For most use cases you won't need to change the following variables unless you've modified the Terraform code.

In [None]:
%%writefile -a .env.sh
# Optional
VERTEX_CMEK_IDENTIFIER=
VERTEX_NETWORK=
# Leave as-is
VERTEX_SA_EMAIL=vertex-pipelines@${VERTEX_PROJECT_ID}.iam.gserviceaccount.com
VERTEX_PIPELINE_ROOT=gs://${VERTEX_PROJECT_ID}-pl-root
CONTAINER_IMAGE_REGISTRY=${VERTEX_LOCATION}-docker.pkg.dev/${VERTEX_PROJECT_ID}/vertex-images

## Deploy Infrastructure


The cloud infrastructure is managed using Terraform and is defined in the [`terraform`](terraform) directory.

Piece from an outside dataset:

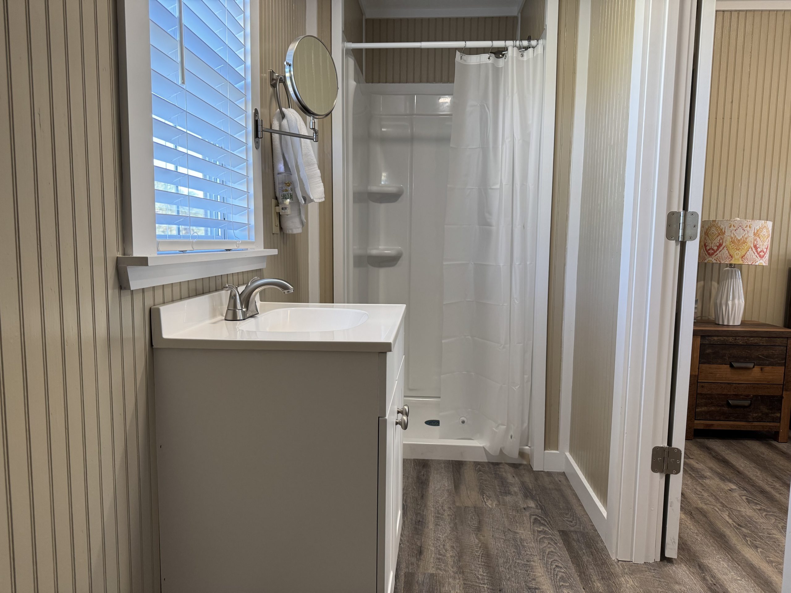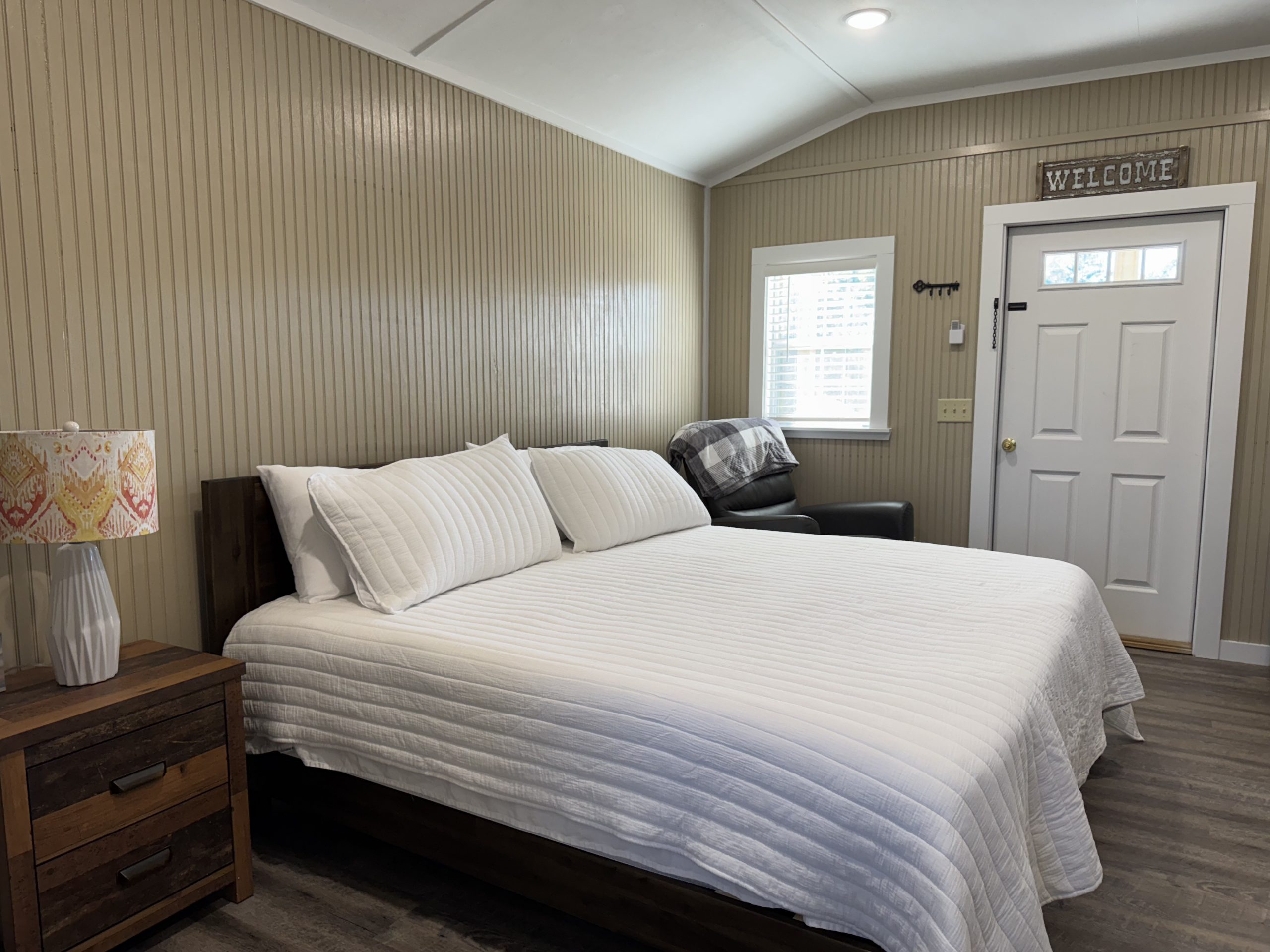 Rustic Retreat sleeps two adults comfortably. Perfect for couples seeking a romantic escape, solo travelers craving solitude, or remote workers trading their home office for a water view. Exterior security cameras provide peace of mind.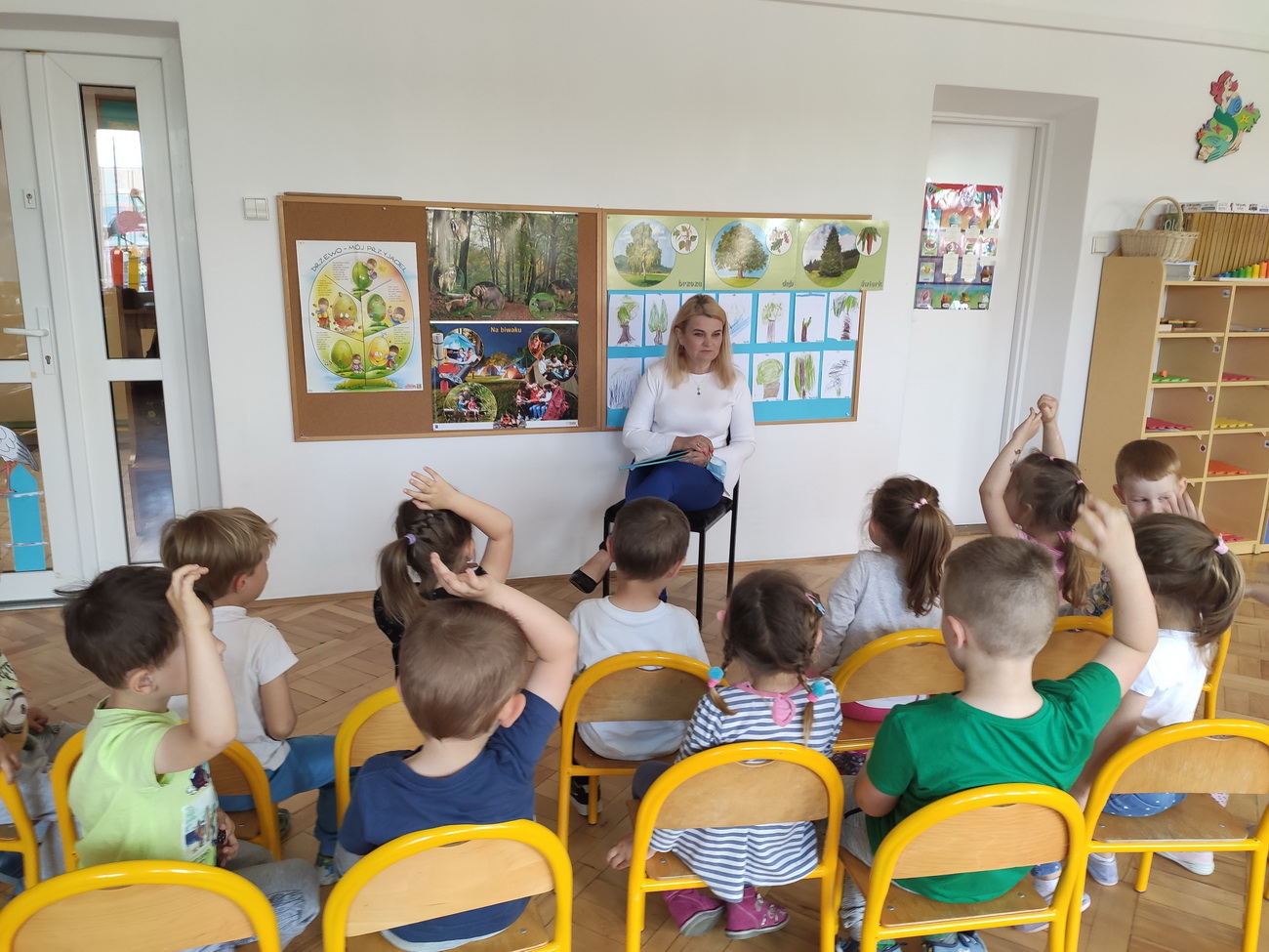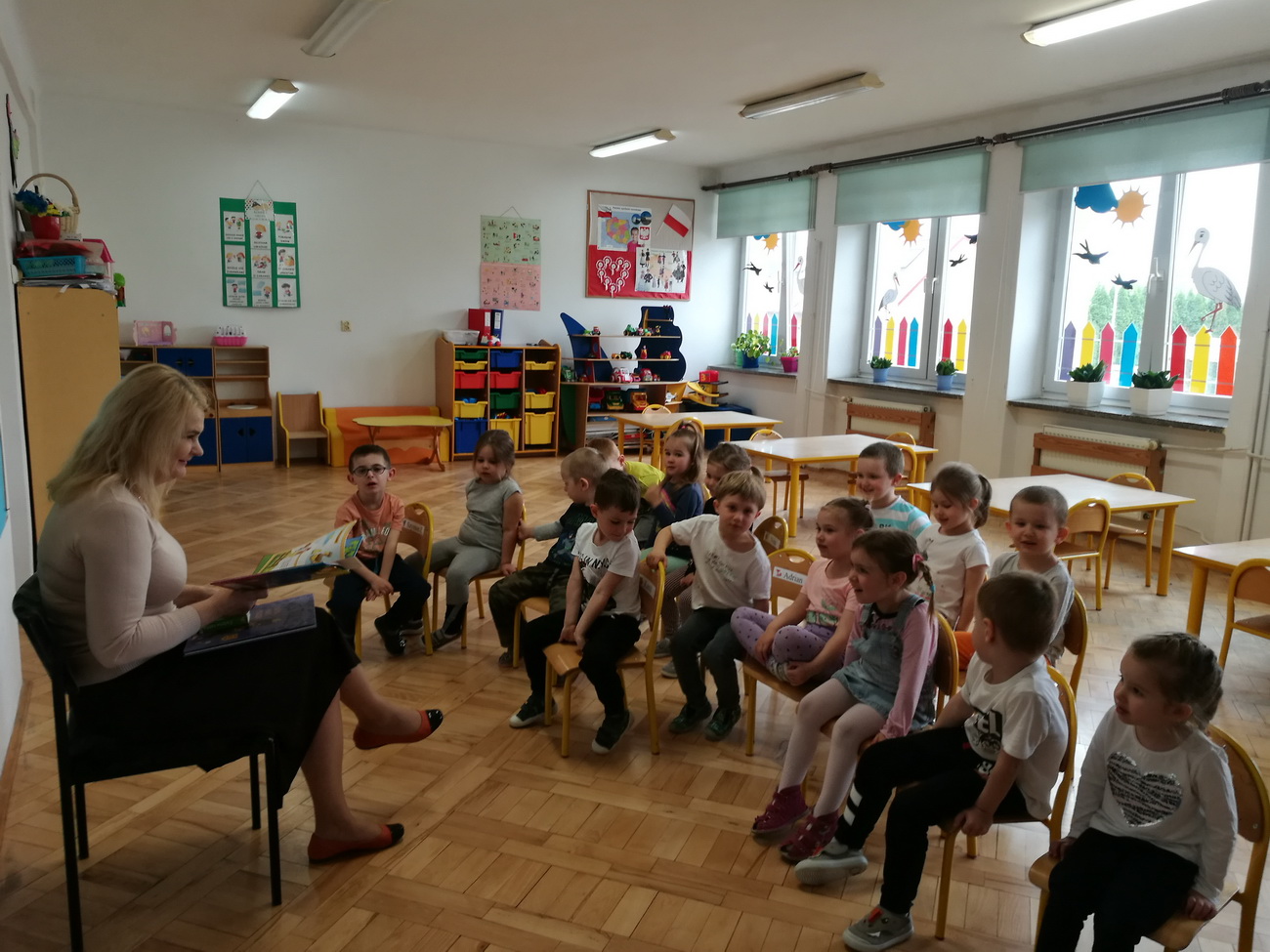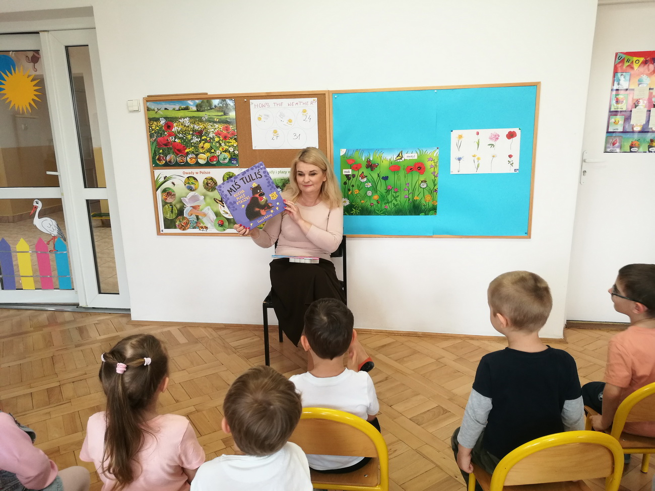 W maju i czerwcu nasze przedszkole kilkukrotnie odwiedziła pani Katarzyna Baran z Miejskiej Biblioteki Publicznej w Rzeszowie. Celem spotkań było rozbudzenie zainteresowań czytelniczych, wzbogacanie słownictwa i pobudzanie wyobraźni przedszkolaków. Dzieci w ciszy i skupieniu słuchały bajek czytanych przez panią bibliotekarkę i chętnie odpowiadały na zadawane im pytania. Pani Katarzyna zwracała uwagę na poznawcze walory książek, sytuacje humorystyczne i kolorowe ilustracje.

There are three Terraform modules defined in [`terraform/modules`](terraform/modules):

- `cloudfunction` - deploys a (Pub/Sub-triggered) Cloud Function from local source code
- `scheduled_pipelines` - deploys Cloud Scheduler jobs that will trigger Vertex Pipeline runs (via the above Cloud Function)
- `vertex_deployment` - deploys Cloud infrastructure required for running Vertex Pipelines, including enabling APIs, creating buckets, Artifact Registry repos, service accounts, and IAM permissions.

**Enable APIs**:

In [None]:
! gcloud services enable cloudresourcemanager.googleapis.com serviceusage.googleapis.com

**Create Cloud Storage bucket:**

Store the [Terraform state files](https://developer.hashicorp.com/terraform/language/state/remote) in the bucket `[project-id]-tfstate`:

In [None]:
! source .env.sh && gsutil mb -l $VERTEX_LOCATION -p $VERTEX_PROJECT_ID gs://$VERTEX_PROJECT_ID-tfstate

**Deploy:**

In [None]:
! make deploy auto-approve=true

You've successfully deployed a `dev` environment! 🎉 
Continue with [this notebook](./02_run_pipelines.ipynb) to run your first Vertex AI Pipelines in the deployed project.

**Note:** If you'd like to deploy separate cloud environments as shown below, try out `make deploy env=dev` where you can replace `dev` with `test` or `prod`.